Your task is to transcribe exactly, and only, the lines running from the one with "FIFA最新世界排名:国足降至全球第77,被佛得角和库拉索超越" to the end of the listing below, inclusive, with every picture left out.
──────── Recorded data ────────
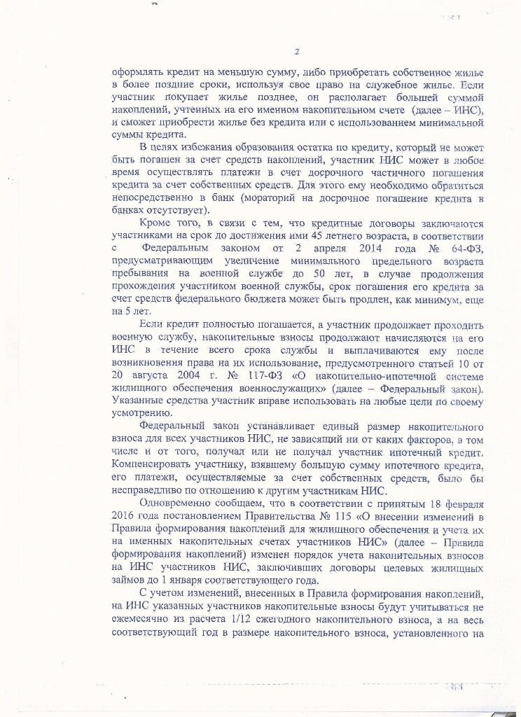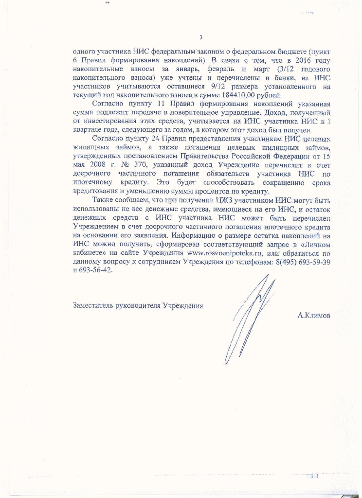 СОВЕТ откладывать конечно хороший, но вот незадача: сын за один 2016 год "недоплат" получил корректирующую сумму в 800 тыс. руб. Если недоплаты будут и в следующем году, то эта сумма увеличиться почти в двое и т.д. Если вы будете копить на стороне, уповая на то, что в случае недоплаты со стороны государства, Вы сможете компенсировать недоплату, то это не так, потому что, нарушая утвержденный при выдаче кредите график платежей, там пойдет такая неустойка, что мало не покажется никому. Так что лучше просто доплачивать по старому графику за свой счет и не допускать выставления штрафов за недоплату. Вот только вопрос: как оформить официально отношения с Росвоенипотекой в которых она как-то обязалась бы, в свете последнего постановления, компенсировать расходы военного при условии получения ею прибыли за год. Как можно заставить её заключить дополнительное соглашение к договору, который уже действует и в котором они успешно прописали, что при отсутствии роста выплат они никакой ответственности не несут.
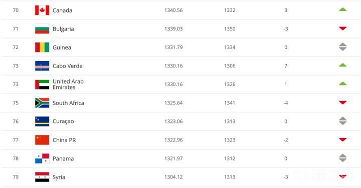 FIFA最新世界排名:国足降至全球第77,被佛得角和库拉索超越
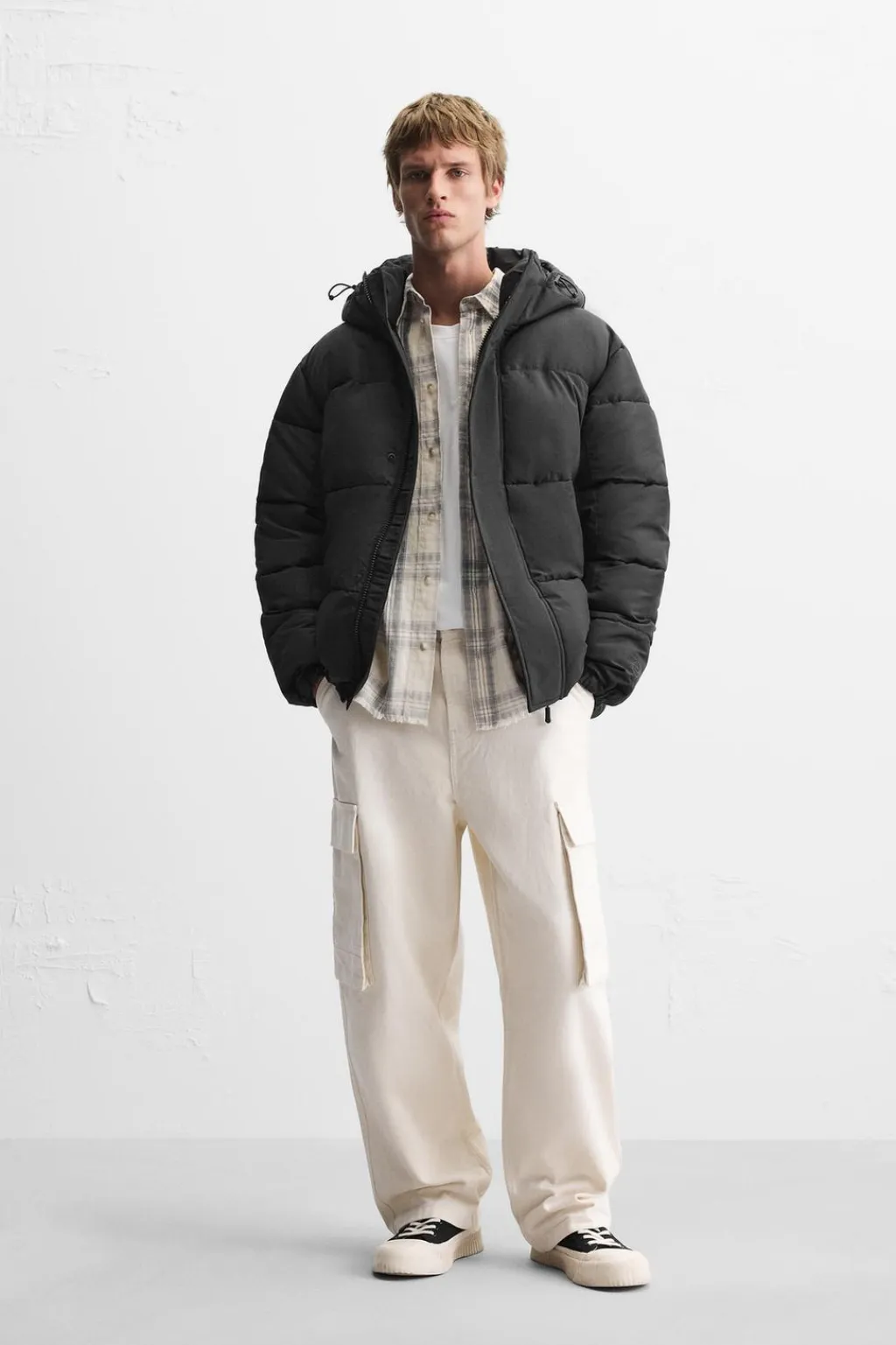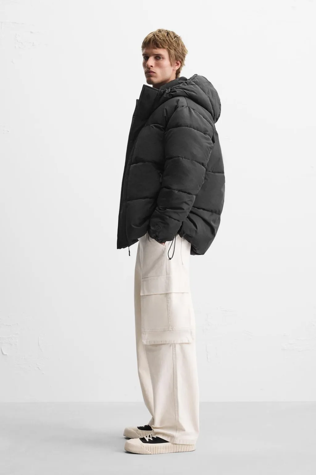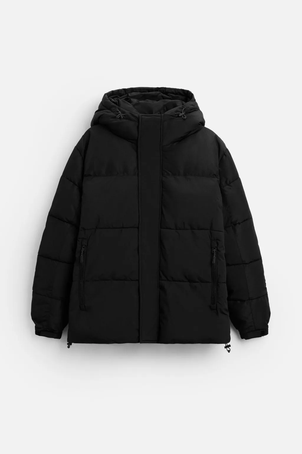 Cazadora relaxed fit confeccionada en tejido técnico con estructura ripstop, resistente a desgarros. Cuello con capucha ajustable y manga larga. Bolsillos de vivo en cadera y detalle de bolsillo interior. Bajo ajustable con elásticos en laterales. Cierre frontal de cremallera oculta por solapa con botones a presión.
────────
▶ [Problem solution]
 FIFA最新世界排名:国足降至全球第77,被佛得角和库拉索超越
 Cazadora relaxed fit confeccionada en tejido técnico con estructura ripstop, resistente a desgarros. Cuello con capucha ajustable y manga larga. Bolsillos de vivo en cadera y detalle de bolsillo interior. Bajo ajustable con elásticos en laterales. Cierre frontal de cremallera oculta por solapa con botones a presión.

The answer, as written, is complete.